What are the next steps to further your work in this area?
A big question is whether or not we can modify confidence. We have just been talking about modifying physical activity in a positive sense, i.e. doing more exercise and being more fit and strong and having more balance. But an interesting question is what about modifying our confidence not to fall? Could that actually be beneficial?
Could we do something with older adults that would enhance their self-confidence, which in turn would lead to participating more in physical activity and walking. Again, this is because of this fear of falling leading to falling negative spiral that I talked about earlier. We don’t know the answer to that right now, but there is a lot of interest by researchers to see if there can be particular skills training that will boost confidence. Because if you are more confident you’ll go out and walk, and if you’re not confident you may not.
Are there other things that came up in the course of this study that you want to highlight? Things that surprised you or were particularly noteworthy?
Yes, I would say one more thing. There is this question that researchers use all of the time with older adults and other people, this so-called self-rated health question. Basically, it’s where you ask an individual how they would rate their health today and they have five choices: poor, fair, good, very good, and excellent.
We asked that question in our study, like many other researchers have, and it was just a reminder once again how powerful that one single question is and how correlated one’s self-rated health is with other things like depression, physical activity, and even more global questions of life satisfaction and well-being. We talked about it on our research team, and we’ve come to the conclusion that clinicians should really ask this question in practice much more often than they do.

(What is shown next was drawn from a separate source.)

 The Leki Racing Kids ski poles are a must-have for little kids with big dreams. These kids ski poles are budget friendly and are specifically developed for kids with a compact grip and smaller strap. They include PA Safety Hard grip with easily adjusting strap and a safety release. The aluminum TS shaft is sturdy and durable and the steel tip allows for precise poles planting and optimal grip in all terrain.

Often you are doing a thorough particular assessment of walking or balance or strength – but even getting an answer from an older adult that falls into one of those categories, we now know from the scientific literature how tightly that answer is related to other important health outcomes. So we would really like to encourage clinicians – whether they are occupational therapists, physical therapists, nurses, physicians – just one quick question can really highlight a group that may be at risk. It is very, very telling when older adults slide down from very good to good and into fair. The curve just dips so, so significantly. So we need to really work at having “excellent” be the response people give when asked to rate their own health.

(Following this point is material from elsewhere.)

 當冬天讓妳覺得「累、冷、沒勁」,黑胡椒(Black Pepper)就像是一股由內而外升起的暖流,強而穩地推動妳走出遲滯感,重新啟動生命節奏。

Cathy Lysack, Ph.D., OT(C), is the deputy director of the Institute of Gerontology and a professor of occupational therapy and gerontology at Wayne State University in Detroit, Michigan. An occupational therapist by profession, she received her Ph.D. from the University of Manitoba, in Winnipeg, Canada, and joined Wayne State as an assistant professor in 1997. Her major research interests include the social and environmental influences on health and understanding how older adults and people with disability redevelop active and meaningful lives in the community after illness and injury. She has studied aging and depression, the independence and safety of older adults who live alone, the impact of spinal cord injury on community participation, mobility loss after hip fracture, and downsizing residential moves in later life.